Best practices on dag re-runs (even successful ones)

Hello,

I’m trying to figure out how to best set up my dags for situations when we need to re-run them (even if the runs were successful as we have some data sources that can have unreliable & changing data sometimes). I was reading through some existing threads on backfilling data (Triggering past execution date through the Airflow UI - #11 by Alan, Backfilling guidelines, What's the best way to re-run a task in Airflow?) but I’m still unsure as to what the best approach is for my use case.

Are my options the only ones listed below?:

  1. Run the Airflow CLI’s backfill command on my local dev environment (Does Astro CLI support Airflow CLI commands? If so, how do I run Airflow CLI commands using Astro CLI?)
  2. Delete the task runs & dag runs on Airflow UI for the days I want to re-run the dag for. Then run the dag with a specified execution date for those days
  3. Clear the task runs on Airflow UI
  4. Set up a separate dag for backfilling/ re-running

These options feel a bit manual or effort-intensive with lots of redundancies when trying to re-run the task for a large time frame. So I’m hoping that maybe there are alternatives that I haven’t thought of.

Thanks in advance! :slight_smile:

1 Like
  1. Run the Airflow CLI’s backfill command on my local dev environment (Does Astro CLI support Airflow CLI commands? If so, how do I run Airflow CLI commands using Astro CLI?)

Yes, this is possible through the Astro CLI to run airflow commands on your LOCAL deployment. You can use the run command.

astro dev run <airflow command>

For example, if you want to clear all your tasks in your DAG.

➜ astro dev run tasks clear <dag_id> --yes

Please refer to Airflow’s documentation on CLI.

  1. Delete the task runs & dag runs on Airflow UI for the days I want to re-run the dag for. Then run the dag with a specified execution date for those days

This is a valid way to rerun the DAG. Though the caveat is that catchup needs to set as True and all of the deleted dagruns are after the latest existing dagrun.

  1. Clear the task runs on Airflow UI

This option sounds the most reasonable to me. Easiest to execute and you do not have alter the DAG. You only need to clear the tasks you want to rerun. This allows you to be more precise with the tasks you want to rerun too.

  1. Set up a separate dag for backfilling/ re-running

Probably the most excessive route. You do not need another DAG just for rerunning tasks.

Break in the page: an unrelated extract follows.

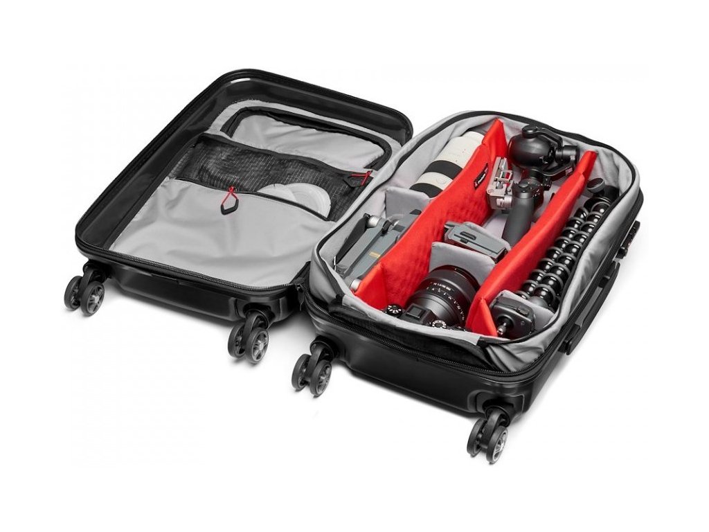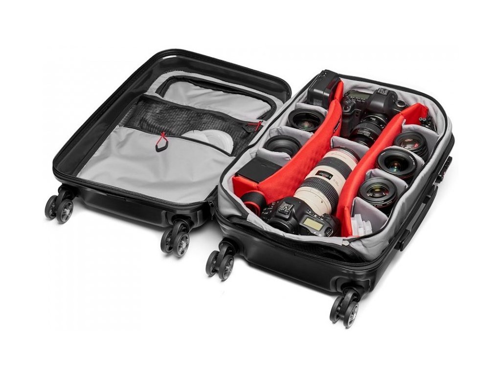 Nový Pro Light Reloader Spin-55 Camera Roller Bag pre DSLR a prémiové CSC je určený pre profesionálnych fotografov. Vyrobené a navrhnuté špeciálne pre fotografov na cestách. Zodpovedá medzinárodnej carry-on veľkosti. Tento úplne nový fotografický kufor Pro Light je odolný kúsok. Navonok je vyrobený z polykarbonátového materiálu a vnútri z lisovaného podnosu EVA, ktorý zaisťuje ľahkosť a ochranu. Obsahuje 4 dvojité kolieska, ktoré pomáhajú prepravovať ťažký obsah a disponuje tiež predným rýchlo dostupným vreckom pre 15-palcový notebook, príslušenstvo alebo ju využijete ako sekundárny prístup pre fotografické vybavenie. Tento fotografický kufor s kolieskami je dodávaný s vnútorným organizovaným puzdrom s prepážkami CPS pre maximálnu flexibilitu vnútornej konfigurácie. Môže byť odstránené na použitie Spin-55 ako bežná cestovná batožina. Je vybavený tiež vnútornými krížovými páskami pre držanie osobných vecí na každodenné použitie. Pojme nielen váš DSLR fotoaparát s objektívom 70/200 mm, druhým telom DSLR a až 3-4 ďalšie objektívy, ale zvládne aj Premium CSC ako Sony A9 s ďalšími objektívmi a DJI Mavic Pro combo kit. Prispôsobte si svoje prenosné vybavenie tak, aby vyhovoval vám na mieru. S 12 ochrannými priehradkami + 2 vnútornými priehradkami CPS, ktoré sa dajú ľahko nastaviť v závislosti od toho, čo v daný deň potrebujete. Okrem toho je vybavený 2 vnútornými priehľadnými vreckami na usporiadanie všetkého malého príslušenstva, káblov, pamäťových kariet atď.

I think both option 1 and options 3 are equally easy to perform. Up to the preference of the individual.

1 Like

Thanks for the detailed answer Alan!

Just a follow-up question on clearing the task runs. Can I use Astro CLI to clear the task runs on my astronomer-hosted airflow instance? Or is the CLI just for my local environment?

I see Paola’s answer back in 2019 that cloud users can run the airflow commands just in the local environment, but I want to check if that’s still the case: Can I use the Airflow CLI on Astronomer?

Thanks again!

Unfortunately, Astro CLI is not able to run airflow command on Astronomer cloud deployments.

You will either need to upgrade to Airflow 2.0 and leverage the Stable API or install a plugin that allows you to perform those functions from the webserver. A few customer has used this plugin made by AnkurChoraywal

Oh nice, we’re already on Airflow 2.0 so we can use the Stable API then. Thanks for your help Alan!